SELECT formid, avals(data) as datavalues, akeys(data) as datakeys, taskid
FROM task_form_data
WHERE taskid IN (449750,449699,449620)
ORDER BY formid, timestamp DESC
将是一个测试查询 - 问题是表(我无法更改)的新行添加了新数据 - 但是formid保持不变。
因此,当我选择这样的时候,我也会得到旧的数据。 我不能使用DISTINCT ON(formid)。我需要最新的结果(通常3-4行与diff formid) - 对于每个taskid IN(来自php - 可以是大数字 - 不能对每个进行单独的查询)。 有没有办法让它像那样工作?

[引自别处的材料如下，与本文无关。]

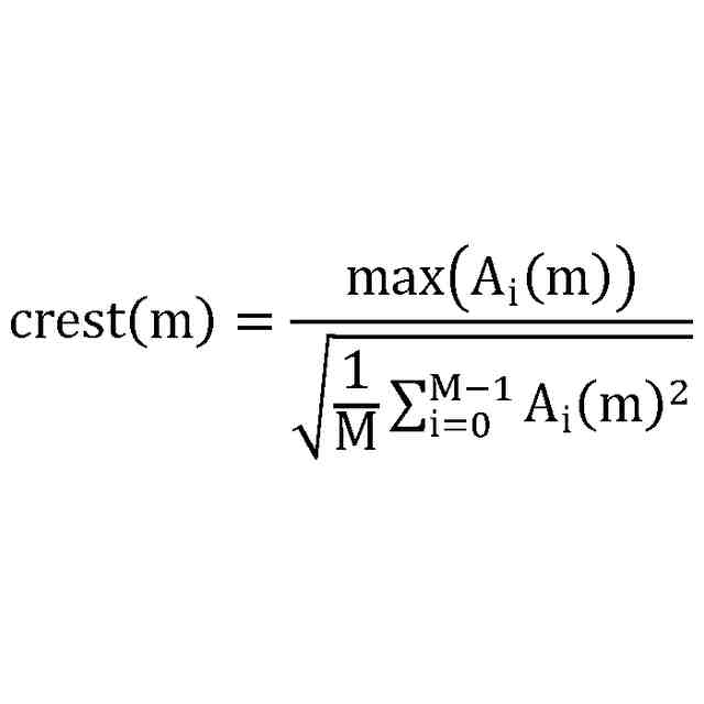 に従って前記ピークネス尺度を取得することを含み、式中、crest(m)がフレームmの前記ピークネス尺度を与える、請求項6に記載の方法。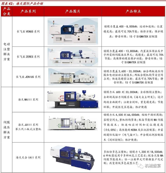 2)伺服液压解决方案:包括海天MAIII系列、海天JUIII系列、第三代二板式注塑机海天天合IAII系列。

数据示例(只是一个简单的示例 - 较大的日期值将是最早的时间戳):
formid timestamp taskid
6 1 449750
2 2 449750
2 3 449750
4 4 449750
4 5 449750
应该出现什么(各种形式的数量可以更大或更小):
6 1 449750
2 2 449750
4 4 449750
更新:
SELECT DISTINCT ON(formid) formid, avals(data) as datavalues, akeys(data) as datakeys, taskid, timestamp
FROM task_form_data
WHERE taskid IN (450567,449699,449620)
GROUP BY formid,taskid,data,timestamp
ORDER BY formid,timestamp DESC
我尝试过 - 似乎工作 - 但只有taskid IN中的第一个参数。 是否可以修改它以使用数组中的每个值?
答案 0 :(得分:1)
您可以使用row_number()执行此操作。例如,如果您想要最近的三行:
SELECT formid, avals(data) as datavalues, akeys(data) as datakeys, taskid
FROM (SELECT d.*, row_number() over (partition by formid, taskid order by timestamp desc) as seqnum
FROM task_form_data d
WHERE taskid IN (449750, 449699, 449620)
) d
WHERE seqnum <= 3
ORDER BY taskid, formid, timestamp DESC;
答案 1 :(得分:0)
我真的不喜欢这个,但如果你的桌子不大,它可以工作:
SELECT tfm.formid, tfm.avals(data) as datavalues, tfm.akeys(data) as datakeys, tfm.taskid
FROM task_form_data AS tfm
INNER JOIN
(
SELECT formid, MAX(timestamp)
FROM task_form_data
WHERE taskid IN (449750,449699,449620)
GROUP BY formid
) AS a
ON tfm.formid = a.formid
AND tfm.timestamp = a.timestamptimestamp
WHERE tfm.taskid IN (449750,449699,449620)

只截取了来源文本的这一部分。